Black rocks has some big swirley water other than that it is all the same other than it is moving a lot faster and most beaches are under water, with the exception of some black rock camps and knowes1.

Have fun




Sent from my iPad using Mountain Buzz


----------



## JJ1029 (Jul 11, 2006)

*questions*

I have a few questions about ruby. I am trying to re-learn how to row. I have kayaked for the last 10 years. I have a 14' cat and was wondering how beginner friendly it truly is. I floated part of the gunni this past weekend from Delta down and had some swirly water but it was not difficult. Is there anything to watch out for? How many rapids are there? We are going june 6 and 7 
Thanks


----------



## campo (Apr 29, 2007)

Thanks, I appreciate the beta!


----------



## DoStep (Jun 26, 2012)

Swirled water in black rocks is right. Keep the kids away from the water in camp. No pfd = disappear ...


----------



## MrScamp (Mar 19, 2013)

*26,000 and fairly easy*

I once floated it when I was just learning to row at 26,000cfs. Made it to Black Rocks in 3 hours from Rim Rock Adventures. I found the trip as a novice easy to row, basically no real rapids. Everything was flushed out.

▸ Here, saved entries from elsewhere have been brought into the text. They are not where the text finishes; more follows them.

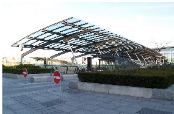
DSB's togforbindelser har også adgang til Terminal 3 i Københavns lufthavn samt Malmø i Sverige, Øresundsforbindelsen.

M1: Vanløse - Flintholm - Lindevang - Fasanvej - Frederiksberg - Forum - Nørreport - Kongens Nytorv - Christianshavn - Islands Brygge - DR Byen - Sundby - Bella Center - Ørestad - Vestamager.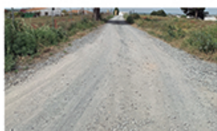
/ LOS REVENTONES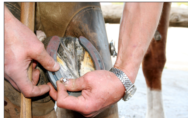
Kenkä kiinnitetään yleensä kuudella naulalla.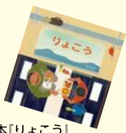
絵本『りょこう』 2025 福音館書店

こうたくんとおじいちゃんの二人旅が描かれており、ページの端々に散りばめられた細かな描写が味わい深い一冊です。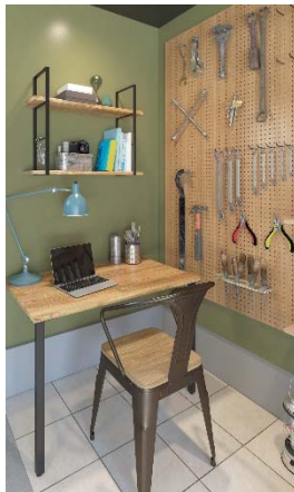
ラダーシェルフ/ デスクカウンター

ガレージ内には、ガレージライフを楽しむための便利なアイテムを標準採用しています。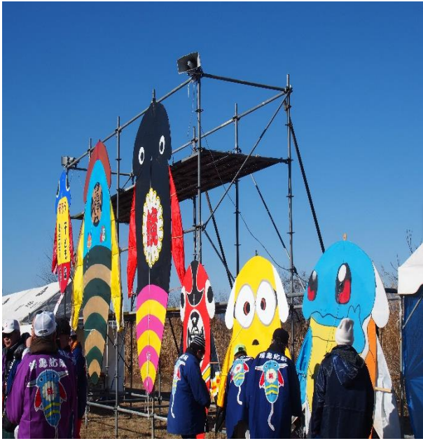
大会の名物大虹凧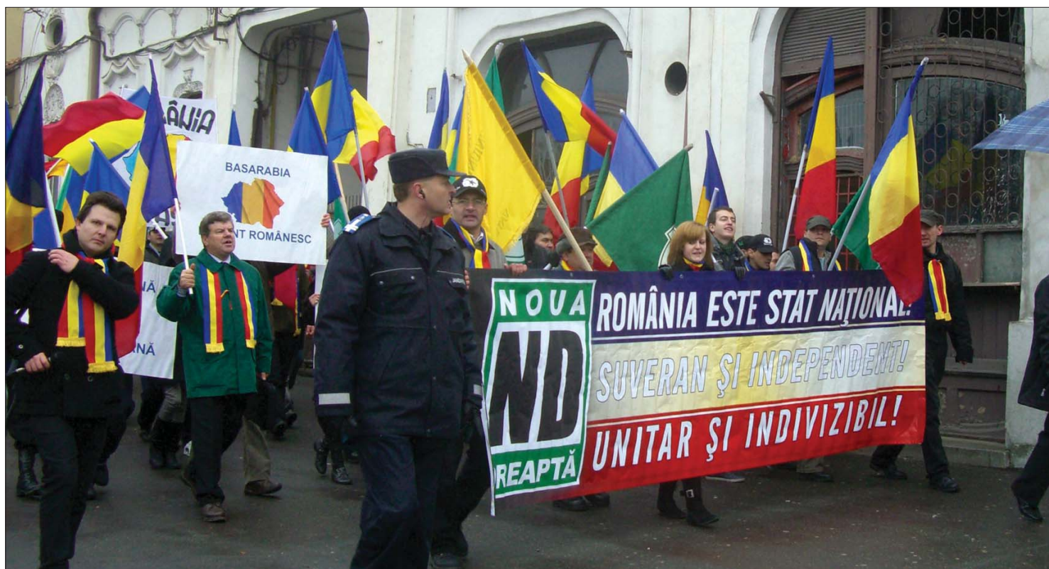
Maroknyian vonultak utcára. A Noua Dreaptă tüntetőinek nem sikerült mozgósítaniuk Marosvásárhely román lakosságát

Vásárhelyen tüntetett a Noua Dreaptă, Kolozsváron bekísérték a székely gárdásokat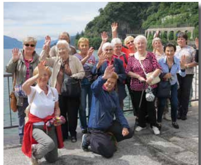
Gita al lago di Como

L'inizio dei lavori è previsto per il 2017 mentre l'apertura della tanto attesa nuova struttura è fissata per il 2019.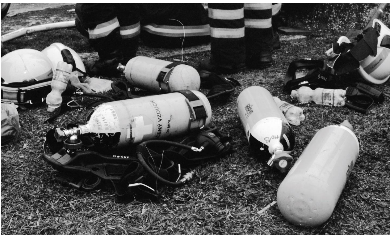
příloha 8 nepoužitá analogová fotografie, vlastní

The current is whipping through the Black Rocks narrows and I was glad we had one of the easier BR campsites to grab (#8 I think), some of the lower numbers would require more skill to not miss the eddy at high water.


----------



## stinginrivers (Oct 18, 2003)

DoStep

That is solid advice, we did not let the kids near the water without parents and PFD's ant that was to load and unload only. 

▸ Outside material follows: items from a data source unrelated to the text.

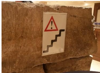
Фиг. 8. Обозначаване на социализираната в хотел част от останките от амфитеатъра на Сердика

Дарствените надписи от фиг. 7 напомнят за необходимостта да се създават удобства за върволицата поклонници обикалящи манастирите край столицата.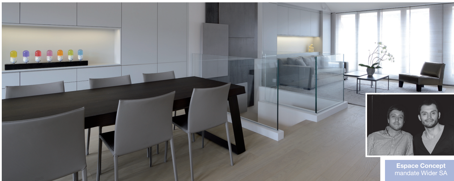
Espace Concept mandate Wider SA

Les attentes des propriétaires de cet appartement situé dans un immeuble genevois du début du siècle étaient claires. Ils souhaitaient transformer leur bien en un objet design actuel et au confort sophistiqué.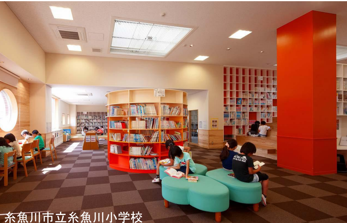
糸魚川市立糸魚川小学校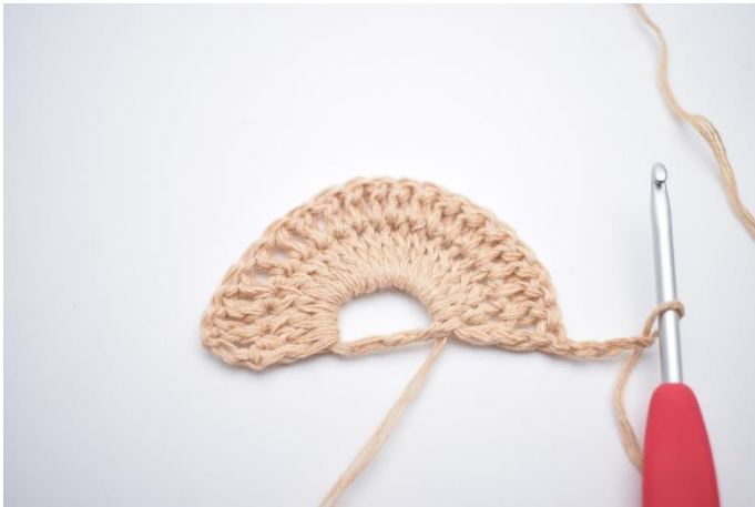
1. Vend dit arbejde med 4 lm (erstatte 1 stgm og 1 lm).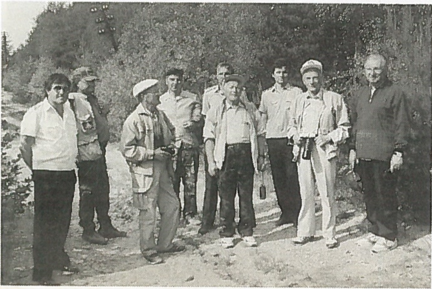
Entisiä tukikohtien päälliköitä siellä jossakin.

Repolaan keskitetyt neuvostojoukot vyöryivät rajan tälle puolen.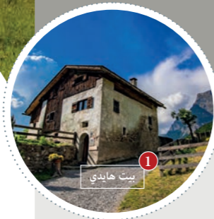
1 بيت هايدي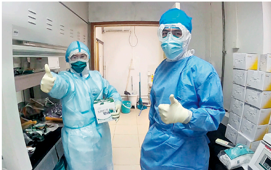
工作人员已经穿戴好防护用品，带着实验所需的耗材即将进入样本制备区，为接下来的新冠核酸检测实验做好准备。

在新冠肺炎疫情防控初期，在满足医院正常运转的前提下，检验科分子生物实验室的工作人员共有4位，每两人一组。每当国家更新关于新冠病毒核酸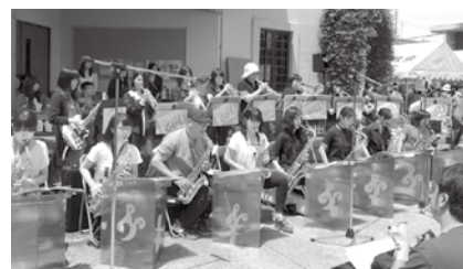
▲中部楽器技術専門学校の方々の演奏

「(障害者らが使う)車いすが、 「車輪の跡(地域参加・社会貢献)」を残す言葉“わだち”から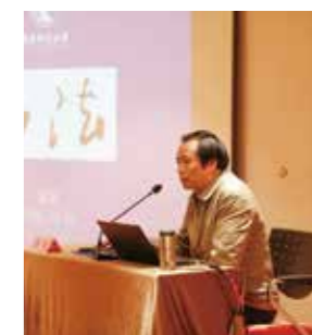
陈明教授书法讲座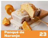
Panqué de Naranja 23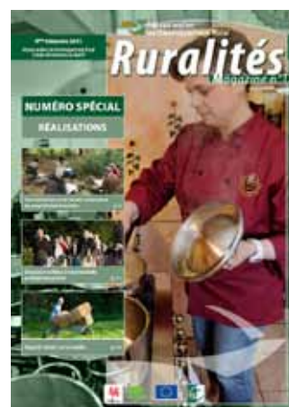
Réalisations - Décembre 2011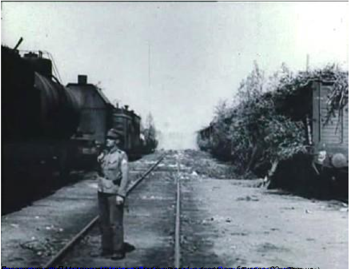
Порталът на Илханоглу е в района на Вилхелм-штрассе в Берлин (дясно), а вляво е републиката (Литона),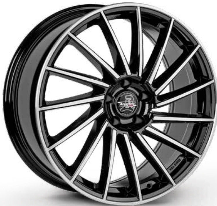
BLACK DIAMOND NERO DIAMANTATO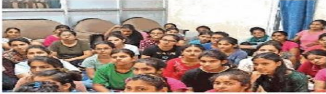
कुवि के सरस्वती भवन में आयोजित कार्यक्रम में उपस्थित छात्राएं।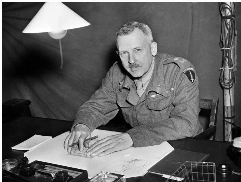
Глава COSSAC генерал-лейтенант Фредерик Морган.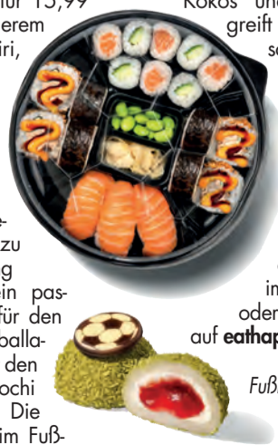
Fußball Fan Box und Volltreffer Mochi

ball-Design (3,99 Euro) überzeugen optisch und geschmacklich: Die Kombination aus Matcha, Kokos und Erdbeer-Füllung greift aktuelle Geschmackstrends auf. Außen weich, innen cremig und angenehm erfrischend sind sie ein origineller WM-Snack. Sushi-Box und Mochi sind ab dem 2. Juni 2026 im Eat Happy Shop oder zum Vorbestellen auf eathappy.de erhältlich.

The water is running cold and fast, watching boats go past at Knowels was entertaining as they looked to be going 10 MPH or more, it was crazy.

I have rafted at speeds like that before but that was on runs with 80 FPM gradient or more.


----------



## SummitSurfer (Jun 23, 2010)

I ran it at 49,000 with my 4 year old who has been a avid river rat since 2. There was a news crew from Grand Junction at Loma launch doing story on high water and actually did a small interview and story on camera with us about our trip.....all of this to tell you that with a little respect and boat handling skills on the oars its pretty harmless. We run and camp it about 5 times a year. And my only suggestion would be, save some muscle for black rock landing, dont fight it too much or over think it and have your raft lines flaked out and ready for landing before you enter Black rock area. Keep the kids and ppl away from that flaked out line so it deploys easy and no one tangles in it. If you get tired in the entry of Black Rock, take a few spins around the world pull in mid Black rock so you are ready for the landing. Sometimes a small pillow of white water forms off house rock in the center of the river in front of BR 7-8 when the flow is 30-50,000, I like to use it to nose off of to push me into a landing at BR 8,9 or the old 10, which is no longer around. Ill be at BR most of the week with my 7 year old river rat....Ill catch ya if ya miss your landing


----------



## JustinJam (Mar 18, 2009)

I just got off yesterday. Several of the BR sites were underwater or had tiny beaches. Keep in mind if you have a big group. Swirly water but no issues.


----------